Gasoline is about 750 g/L. So 1 L of gas weighs about 750 grams, and most of that mass is carbon atoms. When you burn gasoline, it mostly makes CO2 and water vapour. CO2 is heavier than carbon atoms because it has two oxygen atoms (that it got from the fresh air required for the combustion reaction.) So yeah, the math checks out. 1L of gasoline actually produces more like 2.3 kg of CO2.
The carbon in gasoline reacts with oxygen (O2 weighs ~2.6x as much as the carbon) to make carbon dioxide.

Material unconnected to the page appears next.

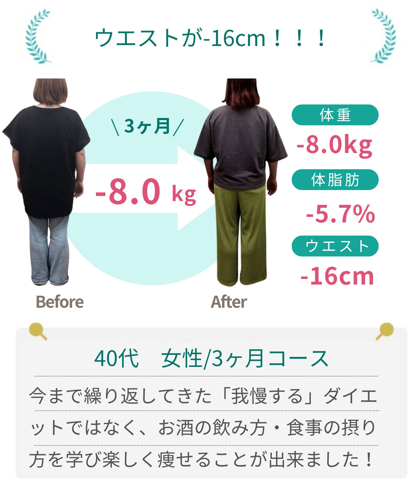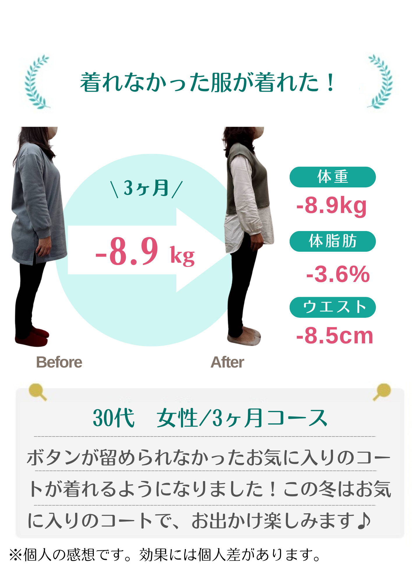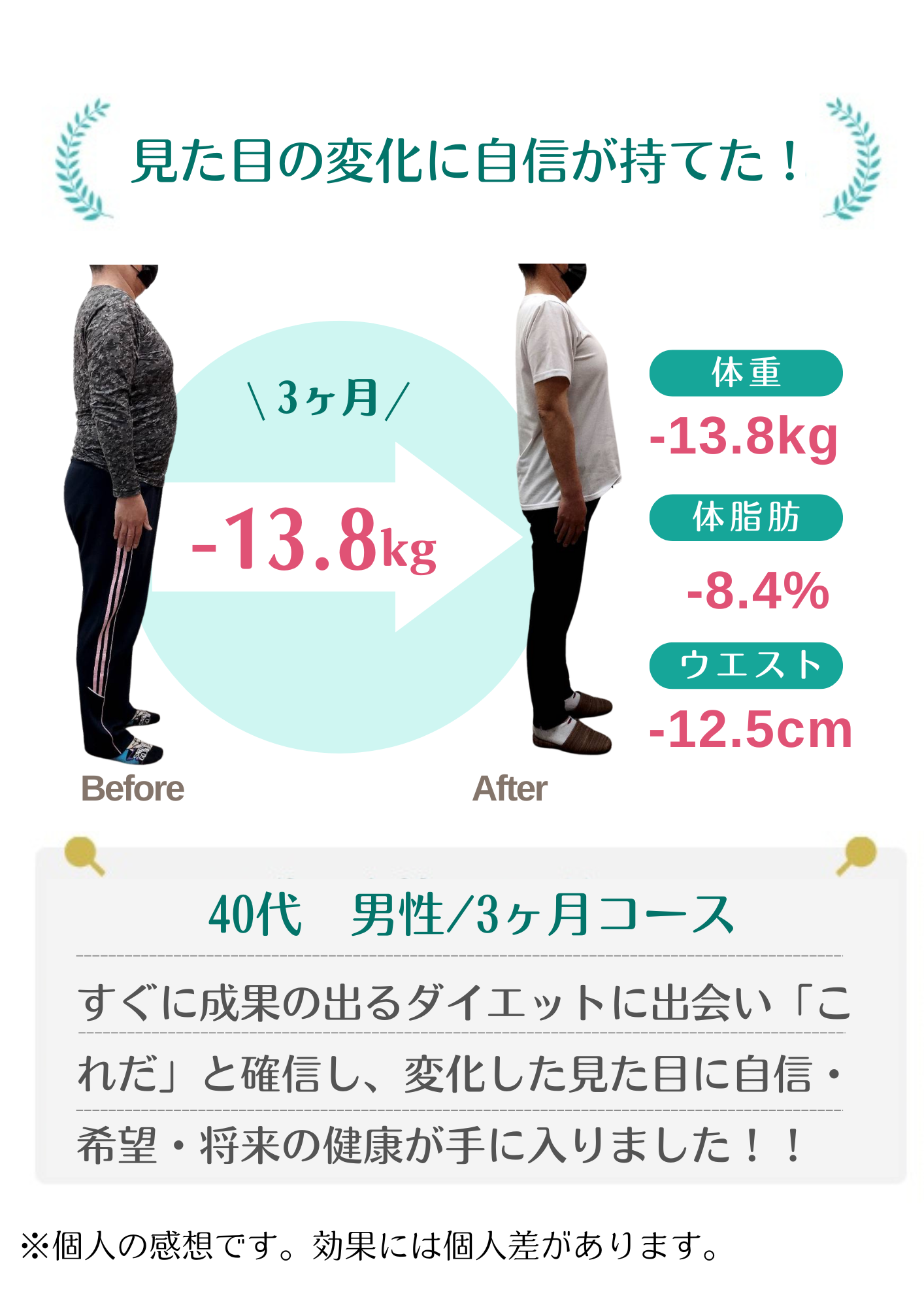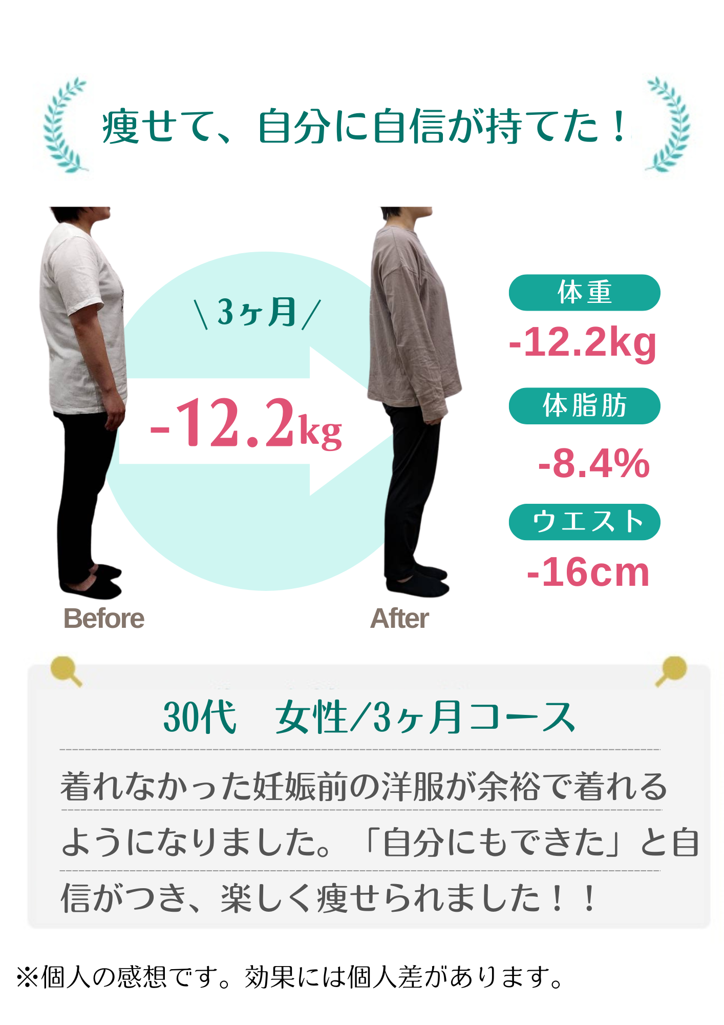当院のダイエットで自分では痩せられない体だと思っていた方が数十年ぶりの体重に戻せました!と喜ばれる方もおります。年齢・性別に関係なく、みなさんしっかり結果が出ています。

So for every kg of carbon in your fuel, which your fuel will be ~85% carbon by weight, it will make ~2.6kg of carbon.
Since gasoline is about 750 g/L, that means your final amount of CO2 released will be somewhere around
750g/L * 0.85 * (1 + 2.6) = ~2295g of CO2 per Liter of gasoline burned.
In order for gasoline to produce CO2, it has to be burned, which is a chemical reaction, and gasoline is not the only ingredient in that chemical reaction.
It also takes oxygen molecules (O2) from the air, as all combustion reactions do. So the end products of that reaction are heavier than the gasoline that went in because they also include the weight from all those oxygen molecules.